-- REQUIRED ACTION --
Retype nothing except the lines below from the one with "2、香港跨境整车运输报价" through the one with "Nemezja, jawnostka –", exactly, with images left out.

(INPUT RECORDS Opens)

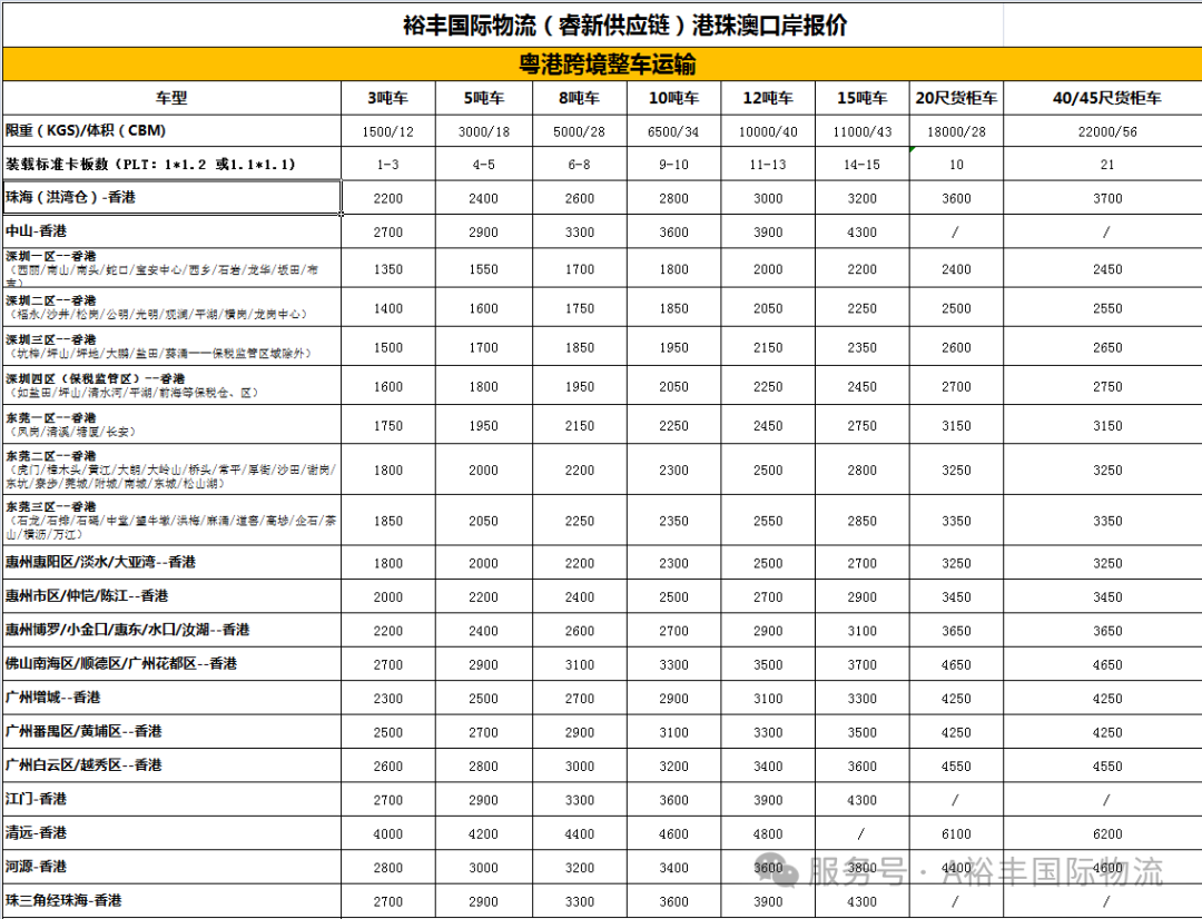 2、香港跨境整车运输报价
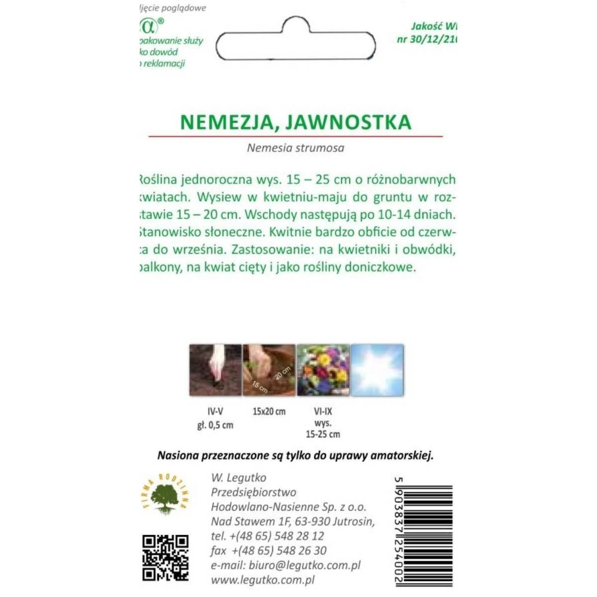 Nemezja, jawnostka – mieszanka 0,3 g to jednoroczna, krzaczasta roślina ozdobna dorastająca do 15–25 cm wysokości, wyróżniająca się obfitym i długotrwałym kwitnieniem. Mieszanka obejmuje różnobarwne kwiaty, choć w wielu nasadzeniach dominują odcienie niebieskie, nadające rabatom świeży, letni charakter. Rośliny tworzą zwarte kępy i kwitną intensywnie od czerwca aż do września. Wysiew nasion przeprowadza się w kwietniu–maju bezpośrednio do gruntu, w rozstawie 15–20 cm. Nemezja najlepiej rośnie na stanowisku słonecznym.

(INPUT RECORDS Closes)
(INPUT RECORDS Opens)

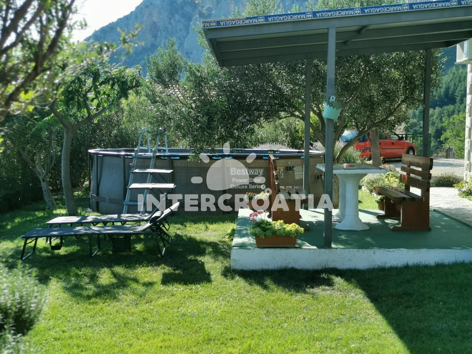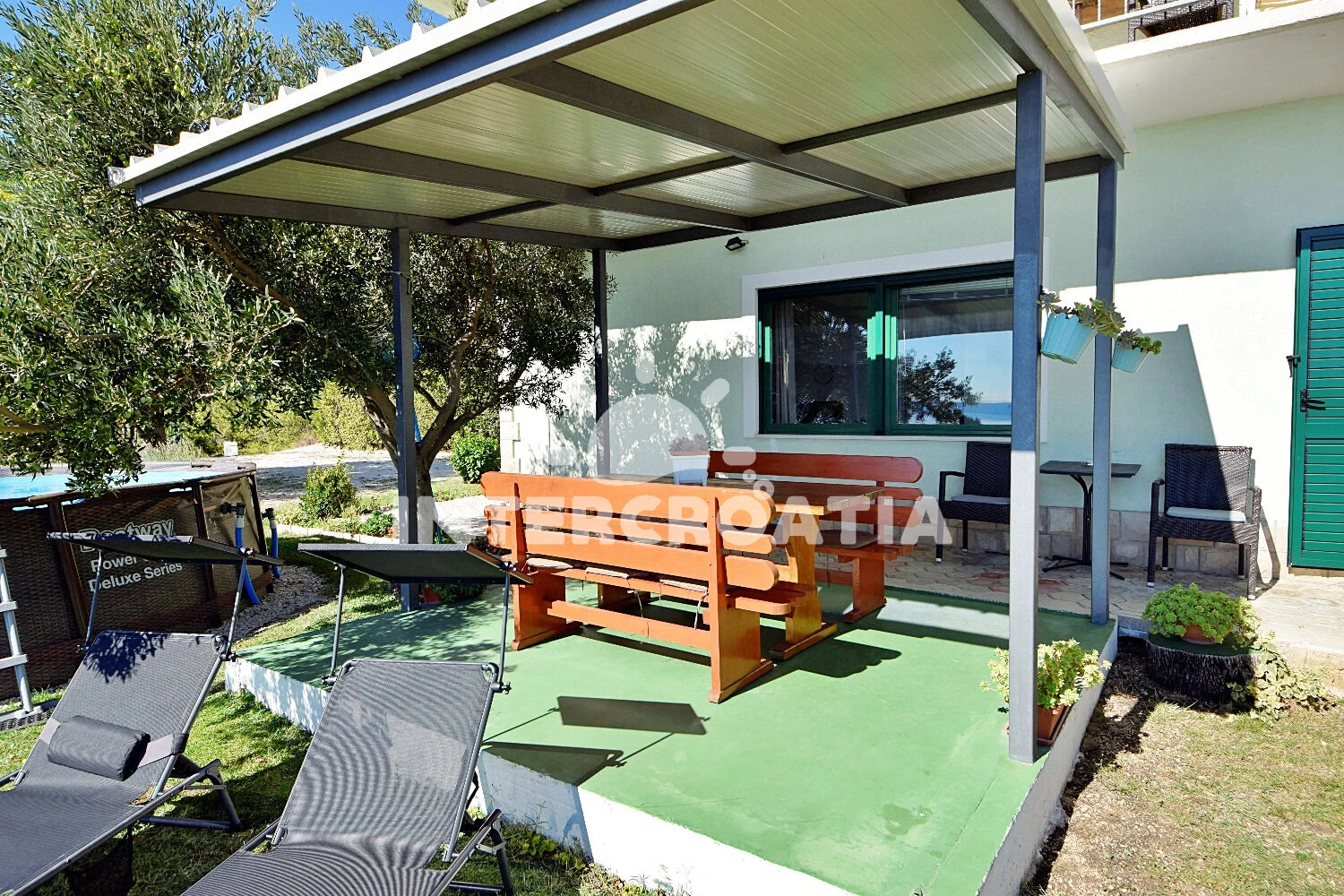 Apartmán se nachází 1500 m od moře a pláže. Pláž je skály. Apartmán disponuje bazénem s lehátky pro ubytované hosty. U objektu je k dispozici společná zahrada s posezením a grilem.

(INPUT RECORDS Closes)

-- COMPLETED EXERCISE --
 2、香港跨境整车运输报价
 Nemezja, jawnostka – mieszanka 0,3 g to jednoroczna, krzaczasta roślina ozdobna dorastająca do 15–25 cm wysokości, wyróżniająca się obfitym i długotrwałym kwitnieniem. Mieszanka obejmuje różnobarwne kwiaty, choć w wielu nasadzeniach dominują odcienie niebieskie, nadające rabatom świeży, letni charakter. Rośliny tworzą zwarte kępy i kwitną intensywnie od czerwca aż do września. Wysiew nasion przeprowadza się w kwietniu–maju bezpośrednio do gruntu, w rozstawie 15–20 cm. Nemezja najlepiej rośnie na stanowisku słonecznym.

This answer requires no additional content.